UCONN TODAY — Superconductors, which are materials that allow perfect, lossless flow of electrons through them, have intrigued physicists for decades. But most superconductors only exhibit this quantum-mechanical peculiarity at temperatures so low – a few degrees above absolute zero –as to render them impractical. Moreover, exotic forms of superconductivity, some of which have yet to be realized experimentally, may form the building blocks of future quantum technologies.

A research team led by Harvard Professor of Physics and Applied Physics Philip Kim has demonstrated a new strategy for making and manipulating a widely studied class of high-temperature superconductors, called cuprates, clearing a path to engineering new, unusual forms of superconductivity in previously unattainable materials.

The team worked with colleagues at the University of British Columbia led by Marcel Franz and Rutgers University led by Jed Pixley, whose teams previously performed theoretical calculations that accurately predicted the behavior of the cuprate superconductor in a wide range of twist angles. Reconciling the experimental observations with theoretical expectations also required new theory developments reported in the work, performed by Quantum Initiative physicist Pavel A. Volkov.

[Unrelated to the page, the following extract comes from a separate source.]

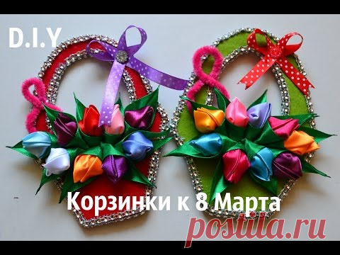 Корзинка-магнит на 8 Марта своими руками/Цветы канзаши/Basket Magnet

“Cuprates are complex materials that to this day host some of the most intriguing open puzzles in condensed matter physics,” says Volkov. “Taking some of this complexity into account is crucial for understanding the behavior of cuprate-based devices. Constructing models to analyze the experimental data, we could show that outcomes from completely different types of experiments all point to the existence of an exotic form of superconductivity in these devices – time-reversal breaking superconductivity.”

Using a uniquely low-temperature device fabrication method, the researchers report in the journal Science a promising candidate for the world’s first high-temperature, superconducting diode – essentially, a switch that makes current flow in one direction – made out of thin cuprate crystals. Such a device could theoretically fuel fledging industries like quantum computing, which rely on fleeting quantum mechanical phenomena that are difficult to sustain in any meaningful way.

“Our work shows that high-temperature superconducting diodes are, in fact, possible, without application of magnetic fields, and opens new doors of inquiry toward exotic materials study,” says Kim.

Cuprates are copper oxides that, decades ago, upended the physics world by showing they become superconducting at much higher temperatures than theorists had thought possible, “higher” being relative: the current record for a cuprate superconductor is -225 Fahrenheit (130 Kelvin, or -142 Celsius). However, handling these materials without destroying their superconducting phases is extremely complex due to their intricate electronic and structural features.

The team’s experiments were led by S. Y. Frank Zhao, a postdoctoral researcher at MIT. Using an air-free, cryogenic crystal manipulation method in ultrapure argon, Zhao engineered a clean interface between two extremely thin layers of the cuprate bismuth strontium calcium copper oxide, nicknamed BSCCO (“bisco”) by insiders. BSCCO is considered a “high-temperature” superconductor because it starts superconducting at about -288 Fahrenheit (95 Kelvin, or -177 Celsius) – very cold by practical standards, but astonishingly high among superconductors, which typically must be cooled to below -400 Fahrenheit.

Zhao first split the BSCCO into two layers, each one-thousandth the width of a human hair. Then, at -130 Fahrenheit, he stacked the two layers at a 45-degree twist, like an ice cream sandwich with askew wafers, retaining superconductivity at the fragile interface.

The team discovered that the maximum supercurrent that can be passed without resistance through the interface is different depending on the current’s direction. Crucially, the team also demonstrated electronic control over the interfacial quantum state by reversing this polarity. This control was what effectively allowed them to make a switchable, high-temperature superconducting diode – a demonstration of foundational physics that could one day be incorporated into a piece of computing technology, such as a quantum bit.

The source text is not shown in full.